- **Task goal**: A faithful copy without images is required: write out all the records exactly.

- **Data provided**:
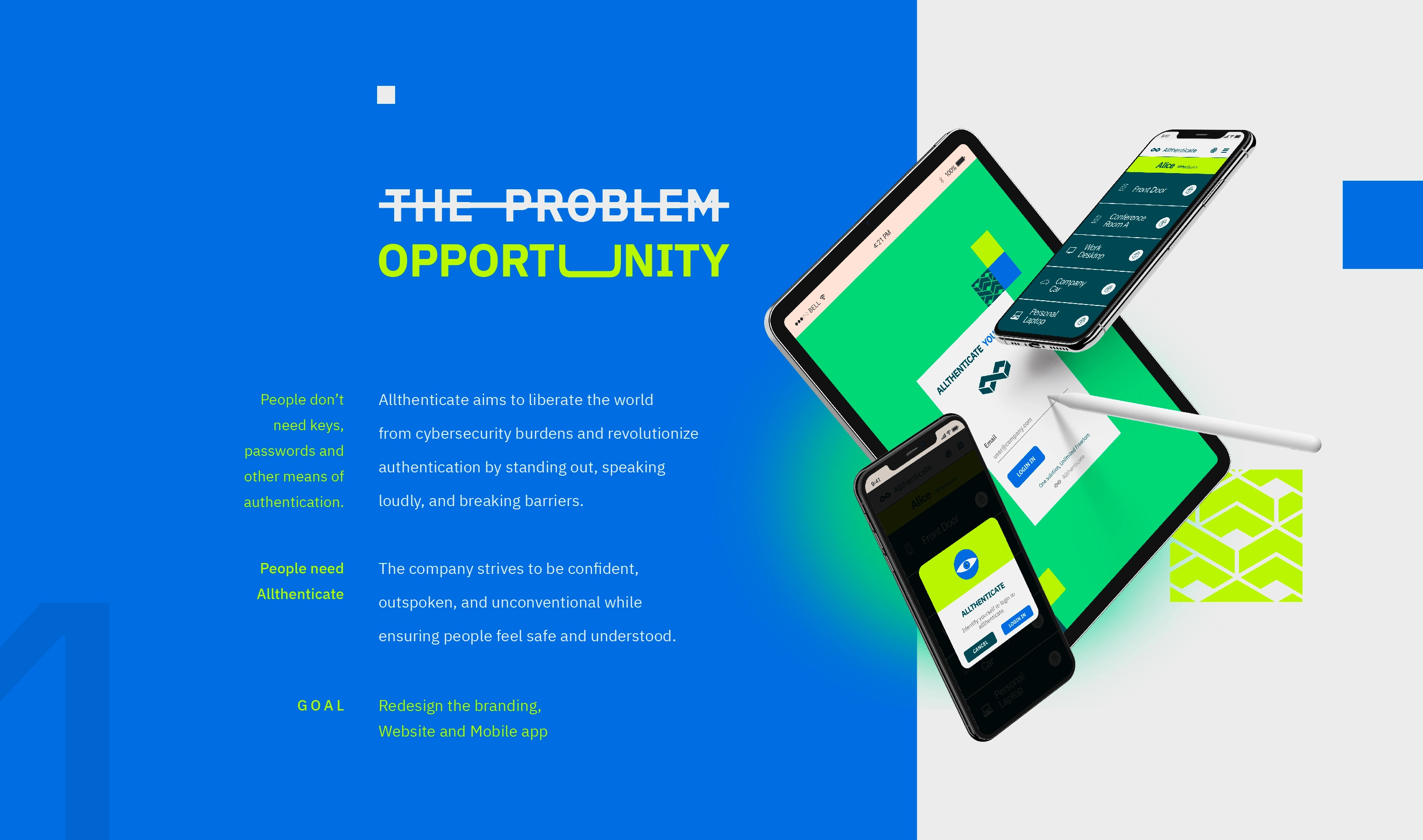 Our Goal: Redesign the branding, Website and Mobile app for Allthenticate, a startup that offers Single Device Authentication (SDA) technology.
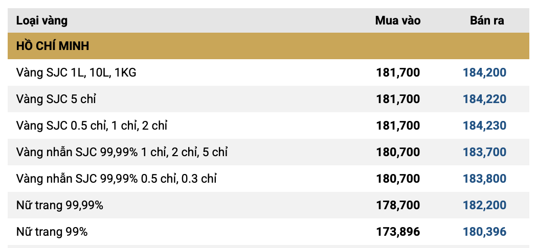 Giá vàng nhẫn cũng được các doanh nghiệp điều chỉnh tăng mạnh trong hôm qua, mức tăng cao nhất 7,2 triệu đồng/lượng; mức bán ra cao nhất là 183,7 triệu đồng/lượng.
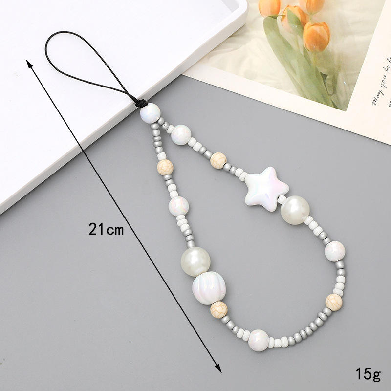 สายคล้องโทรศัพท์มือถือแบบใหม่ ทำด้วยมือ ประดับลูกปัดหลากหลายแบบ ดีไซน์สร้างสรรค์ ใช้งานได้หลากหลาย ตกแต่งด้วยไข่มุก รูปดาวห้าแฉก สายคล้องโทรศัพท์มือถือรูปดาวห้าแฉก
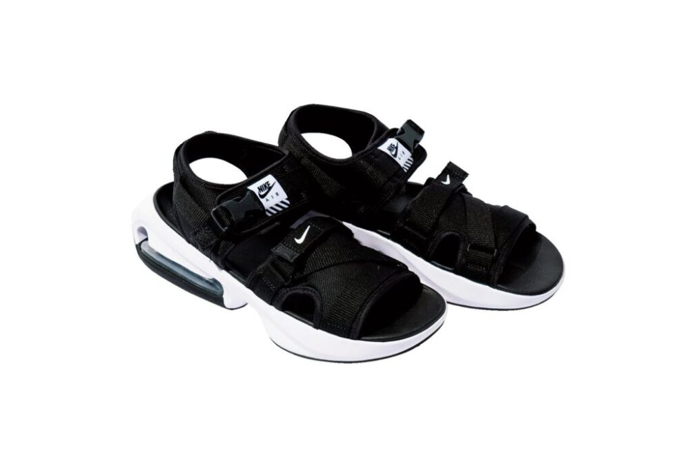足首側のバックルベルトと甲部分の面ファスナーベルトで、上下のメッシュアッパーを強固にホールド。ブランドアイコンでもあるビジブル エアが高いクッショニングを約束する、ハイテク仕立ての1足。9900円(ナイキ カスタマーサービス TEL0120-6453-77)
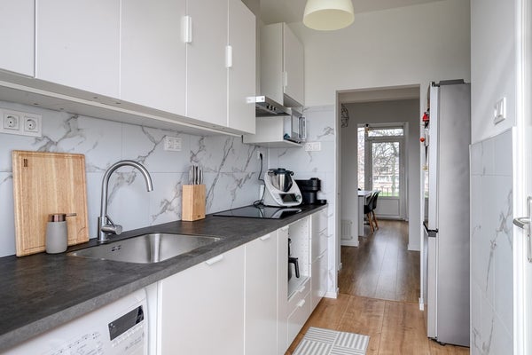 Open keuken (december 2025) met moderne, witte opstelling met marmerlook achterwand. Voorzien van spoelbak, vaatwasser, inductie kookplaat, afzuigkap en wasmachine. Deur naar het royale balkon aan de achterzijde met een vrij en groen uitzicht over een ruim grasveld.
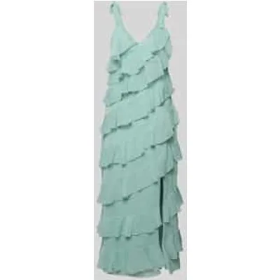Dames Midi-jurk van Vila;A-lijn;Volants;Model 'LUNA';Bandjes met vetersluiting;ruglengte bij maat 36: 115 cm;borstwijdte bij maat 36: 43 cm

- **Exercise output**:
 Our Goal: Redesign the branding, Website and Mobile app for Allthenticate, a startup that offers Single Device Authentication (SDA) technology.
 Giá vàng nhẫn cũng được các doanh nghiệp điều chỉnh tăng mạnh trong hôm qua, mức tăng cao nhất 7,2 triệu đồng/lượng; mức bán ra cao nhất là 183,7 triệu đồng/lượng.
 สายคล้องโทรศัพท์มือถือแบบใหม่ ทำด้วยมือ ประดับลูกปัดหลากหลายแบบ ดีไซน์สร้างสรรค์ ใช้งานได้หลากหลาย ตกแต่งด้วยไข่มุก รูปดาวห้าแฉก สายคล้องโทรศัพท์มือถือรูปดาวห้าแฉก
足首側のバックルベルトと甲部分の面ファスナーベルトで、上下のメッシュアッパーを強固にホールド。ブランドアイコンでもあるビジブル エアが高いクッショニングを約束する、ハイテク仕立ての1足。9900円(ナイキ カスタマーサービス TEL0120-6453-77)
 Open keuken (december 2025) met moderne, witte opstelling met marmerlook achterwand. Voorzien van spoelbak, vaatwasser, inductie kookplaat, afzuigkap en wasmachine. Deur naar het royale balkon aan de achterzijde met een vrij en groen uitzicht over een ruim grasveld.
Dames Midi-jurk van Vila;A-lijn;Volants;Model 'LUNA';Bandjes met vetersluiting;ruglengte bij maat 36: 115 cm;borstwijdte bij maat 36: 43 cm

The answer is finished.